Can we go even deeper than this? If, in addition to passively collected glucose data, we can passively collect fitness data and social media data we may be able to identify correlations between glucose levels, exercise, diet and mood. Social media data, which can be a strong indicator of a person’s lifestyle, may help uncover correlations between patients’ hobbies, passions and travel activity with how they treat their condition. Think about how hard it would be to get patients to provide this much information manually, let alone accurately. But because around 70 percent of the data we are asking for can be collected passively, we can get more and higher-quality data during longer periods of time.

From a market research perspective, leveraging quantified self data is still mostly unexplored territory. We’re experimenting and learning. Is too much data coming through? Will enough people tie in their social media accounts and does doing so really provide an accurate gauge of lifestyle? Are higher incentives required to get people to share this information, even passively? The potential benefits mandate that we keep exploring and learning the answers.

There is much to gain by looking at quantified self data in conjunction with other datasets. Here are some top examples of what is now possible:

• Quantified self data is now analyzed along with patient-reported outcome data across various phases of clinical trials.

• For primary patient research, we can minimize survey length while improving accuracy/quality of data. The passive data we collect through Internet connected technology is far more accurate than manually reported data and allows the actual survey questions to focus more on why patients behave in certain ways as well as their perceived mental and physical states of well-being.

• Patient segmentation studies are enhanced by fusing in real behavior and lifestyle data.

• Patient conditions, attitudes and behaviors are tracked longitudinally over longer periods of time.

This self-tracking trend extends beyond the “self.” In addition to quantified self, quantified baby is a rapidly growing industry with Internet-connected onesies that monitor baby sleep patterns, Internet-connected diapers and scales. Not surprisingly, many new moms are dedicated to tracking everything around their babies’ health, food intake, weight, play activity, mood and diaper changes.
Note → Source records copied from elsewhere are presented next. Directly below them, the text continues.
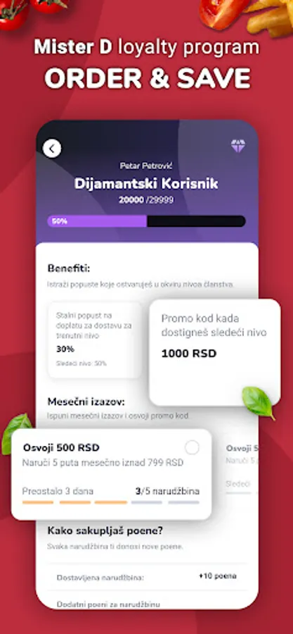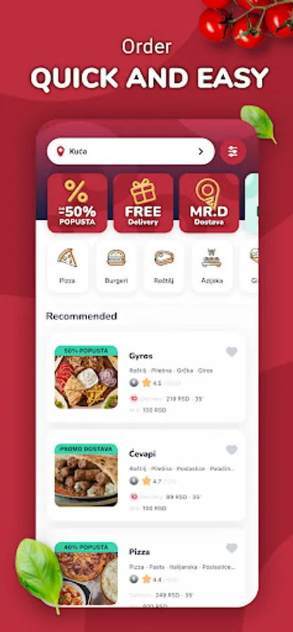 Mister D is your favourite choice for online delivery with more than 1200 shops in Belgrade, Novi Sad, Niš, Kragujevac, Subotica, Leskovac, Kruševac, Čačak and Pančevo which allows you to quickly and easily find restaurants that deliver food to your address. But that's not all! With Mister D you can also order delivery from the supermarkets up to your door.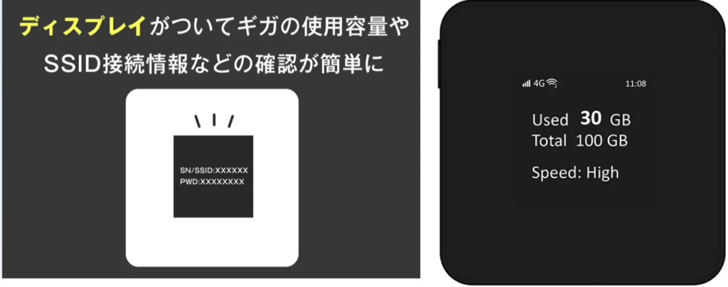 本体に搭載された小型ディスプレイには、Wi-Fiのギガ使用容量、SSID、パスワードなどの接続情報がリアルタイムで表示されます。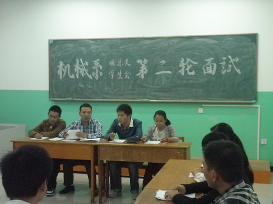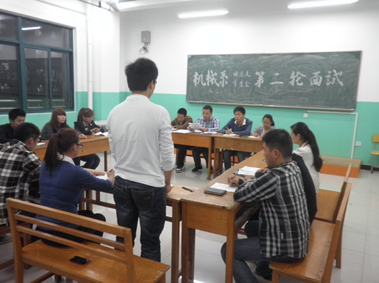 为做好新学年机械系的团学工作,机械系第十届学生会换届竞选面试于9月25日晚7:00在综合楼306教室如期举行,共有34名同学参加了竞选。系团总支书记刘祥老师及第九届学生会主席团成员组成本轮面试的评委。

We currently get limited time with new moms as they tend to have chaotic schedules. By recruiting parents to connect their quantified baby data and occasionally answer some short surveys, we can get more time with this important target market without requiring a lot of their time in terms of active involvement.

Needless to say, there are also numerous tracking products available for dogs. And yes, if you conduct a Web search for quantified dog you will see that that is indeed yet another growing movement. The entire tracking category is not only quite pervasive but expanding far beyond the “self.” 

By supporting active data collection with passive data collection through quantified self technology and potentially with social media activity, we can get more and better data. This leads to better insights, which results in smarter, more successful business decisions.